§ Dataset records
BEGIN
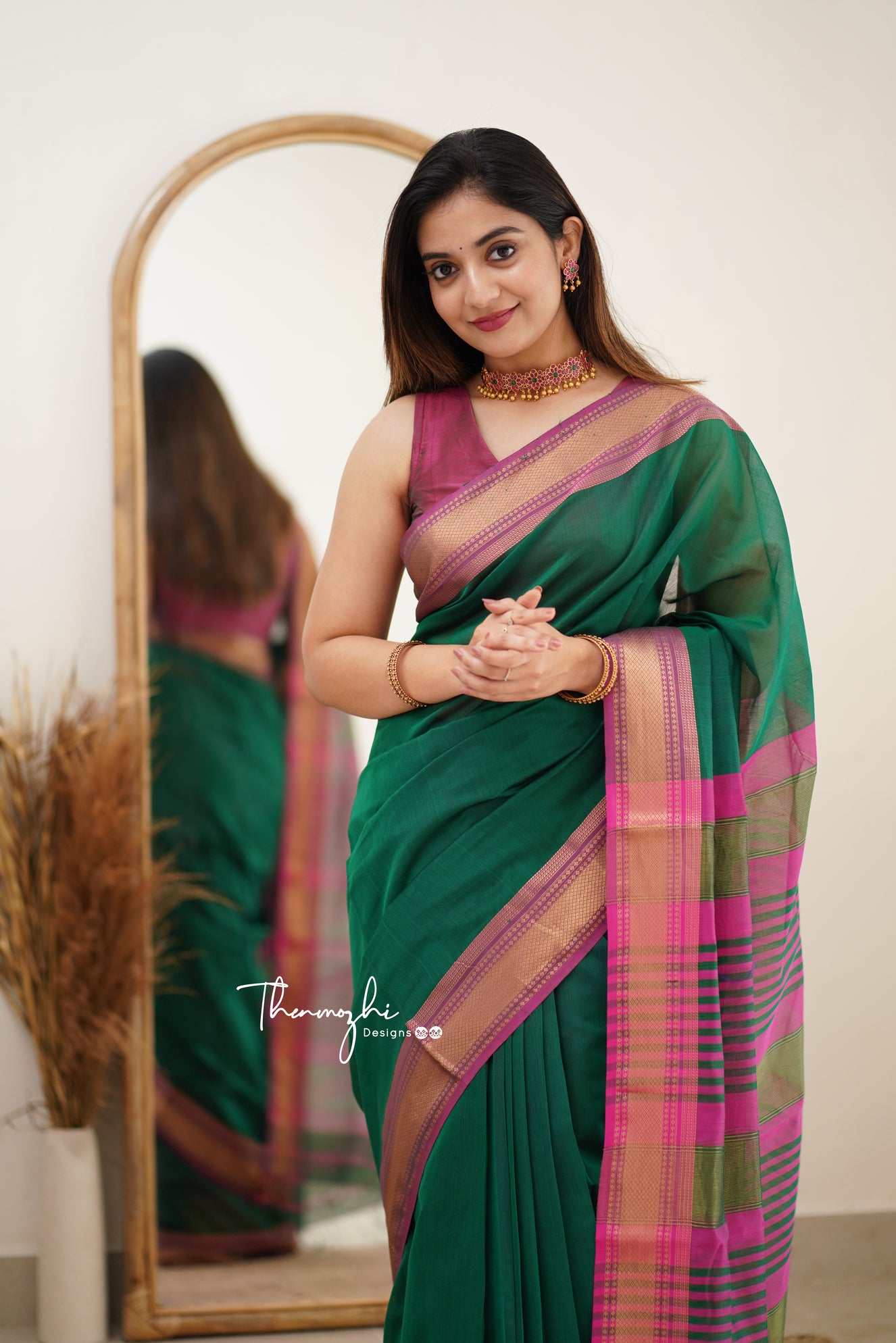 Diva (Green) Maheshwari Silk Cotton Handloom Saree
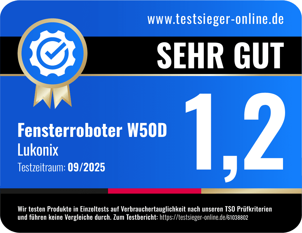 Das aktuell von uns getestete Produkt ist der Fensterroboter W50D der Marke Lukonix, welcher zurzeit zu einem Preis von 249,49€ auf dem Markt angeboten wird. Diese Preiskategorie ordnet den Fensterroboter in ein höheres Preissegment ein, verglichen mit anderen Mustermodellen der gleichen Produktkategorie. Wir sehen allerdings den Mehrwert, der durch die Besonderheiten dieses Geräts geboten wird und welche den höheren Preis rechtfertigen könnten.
END
BEGIN
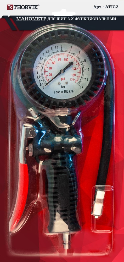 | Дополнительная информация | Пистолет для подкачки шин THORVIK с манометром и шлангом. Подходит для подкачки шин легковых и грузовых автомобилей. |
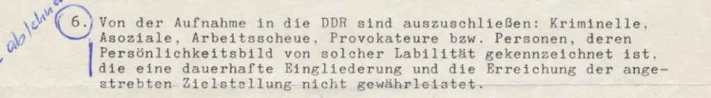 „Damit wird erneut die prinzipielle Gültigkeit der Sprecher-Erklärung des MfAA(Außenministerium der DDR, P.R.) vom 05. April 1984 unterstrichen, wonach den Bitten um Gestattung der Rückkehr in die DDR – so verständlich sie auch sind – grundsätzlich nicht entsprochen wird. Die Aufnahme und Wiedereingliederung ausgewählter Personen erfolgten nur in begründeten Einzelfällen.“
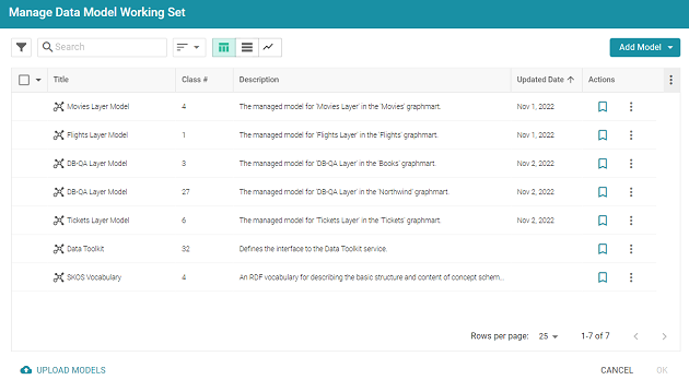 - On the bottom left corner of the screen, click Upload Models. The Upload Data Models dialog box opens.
END
§ Problem to solve
The output is the stretch above from the line with "wird erneut die" through the line with "- On the bottom", copied word for word with both ends kept and every picture dropped.

§ Solution to the problem
 „Damit wird erneut die prinzipielle Gültigkeit der Sprecher-Erklärung des MfAA(Außenministerium der DDR, P.R.) vom 05. April 1984 unterstrichen, wonach den Bitten um Gestattung der Rückkehr in die DDR – so verständlich sie auch sind – grundsätzlich nicht entsprochen wird. Die Aufnahme und Wiedereingliederung ausgewählter Personen erfolgten nur in begründeten Einzelfällen.“
 - On the bottom left corner of the screen, click Upload Models. The Upload Data Models dialog box opens.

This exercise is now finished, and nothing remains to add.